--- Entries provided ---
=== Section Start ===

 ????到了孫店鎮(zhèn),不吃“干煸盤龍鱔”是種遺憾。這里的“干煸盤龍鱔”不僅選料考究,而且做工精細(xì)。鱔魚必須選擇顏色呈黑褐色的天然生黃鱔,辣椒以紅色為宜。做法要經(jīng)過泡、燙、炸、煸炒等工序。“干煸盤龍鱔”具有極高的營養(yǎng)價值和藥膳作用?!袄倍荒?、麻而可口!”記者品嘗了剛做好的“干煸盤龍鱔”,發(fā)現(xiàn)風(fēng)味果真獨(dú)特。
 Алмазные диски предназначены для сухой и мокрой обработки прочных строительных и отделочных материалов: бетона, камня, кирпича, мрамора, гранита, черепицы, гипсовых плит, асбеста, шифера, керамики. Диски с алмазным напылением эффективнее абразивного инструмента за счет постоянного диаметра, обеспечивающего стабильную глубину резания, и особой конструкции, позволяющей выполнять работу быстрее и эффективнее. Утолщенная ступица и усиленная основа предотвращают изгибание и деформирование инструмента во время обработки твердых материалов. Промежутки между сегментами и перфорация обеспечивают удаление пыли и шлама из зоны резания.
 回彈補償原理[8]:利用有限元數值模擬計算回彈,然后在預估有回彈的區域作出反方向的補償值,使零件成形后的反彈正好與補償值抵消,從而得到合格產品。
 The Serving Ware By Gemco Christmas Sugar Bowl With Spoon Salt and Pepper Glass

=== Section End ===
=== Section Start ===

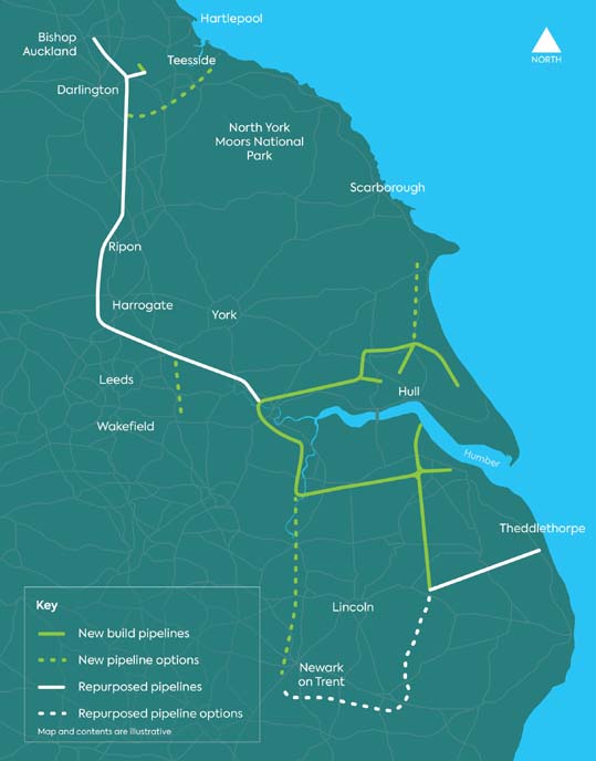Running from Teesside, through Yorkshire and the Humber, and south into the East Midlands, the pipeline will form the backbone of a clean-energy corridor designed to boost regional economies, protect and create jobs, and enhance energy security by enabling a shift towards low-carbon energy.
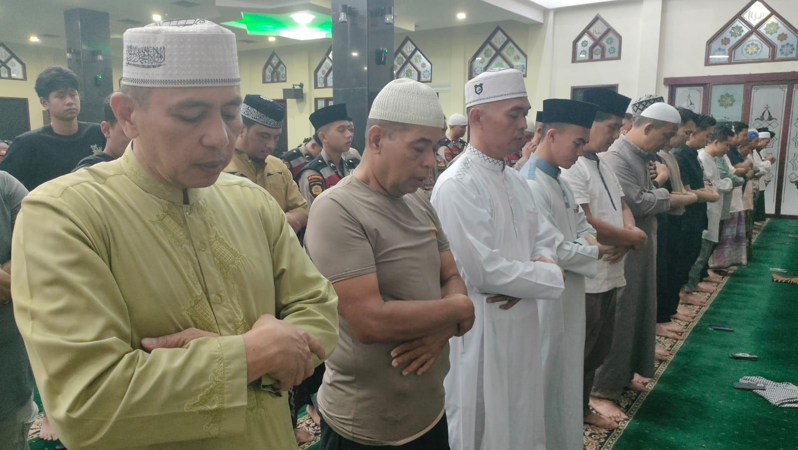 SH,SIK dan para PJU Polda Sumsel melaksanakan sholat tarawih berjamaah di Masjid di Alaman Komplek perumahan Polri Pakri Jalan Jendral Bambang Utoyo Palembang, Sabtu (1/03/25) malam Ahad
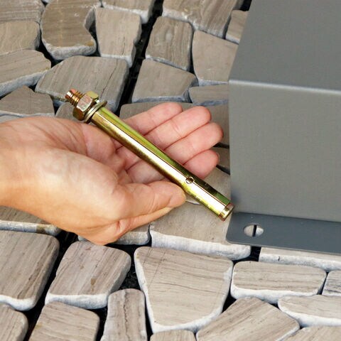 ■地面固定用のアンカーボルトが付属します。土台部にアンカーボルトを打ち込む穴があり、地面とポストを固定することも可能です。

=== Section End ===
=== Section Start ===

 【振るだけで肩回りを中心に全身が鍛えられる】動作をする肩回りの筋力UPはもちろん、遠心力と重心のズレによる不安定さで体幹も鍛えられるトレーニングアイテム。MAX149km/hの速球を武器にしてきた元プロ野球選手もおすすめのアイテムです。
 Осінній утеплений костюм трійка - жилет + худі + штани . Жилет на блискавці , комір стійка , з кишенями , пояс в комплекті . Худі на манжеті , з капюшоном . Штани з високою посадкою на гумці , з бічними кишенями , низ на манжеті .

=== Section End ===

--- Instructions to follow ---
Please reproduce, exactly as they appear above, the lines from the line containing "Алмазные диски предназначены" up to and including the line containing "The Serving Ware".

--- Solution to this exercise ---
 Алмазные диски предназначены для сухой и мокрой обработки прочных строительных и отделочных материалов: бетона, камня, кирпича, мрамора, гранита, черепицы, гипсовых плит, асбеста, шифера, керамики. Диски с алмазным напылением эффективнее абразивного инструмента за счет постоянного диаметра, обеспечивающего стабильную глубину резания, и особой конструкции, позволяющей выполнять работу быстрее и эффективнее. Утолщенная ступица и усиленная основа предотвращают изгибание и деформирование инструмента во время обработки твердых материалов. Промежутки между сегментами и перфорация обеспечивают удаление пыли и шлама из зоны резания.
 回彈補償原理[8]:利用有限元數值模擬計算回彈,然后在預估有回彈的區域作出反方向的補償值,使零件成形后的反彈正好與補償值抵消,從而得到合格產品。
 The Serving Ware By Gemco Christmas Sugar Bowl With Spoon Salt and Pepper Glass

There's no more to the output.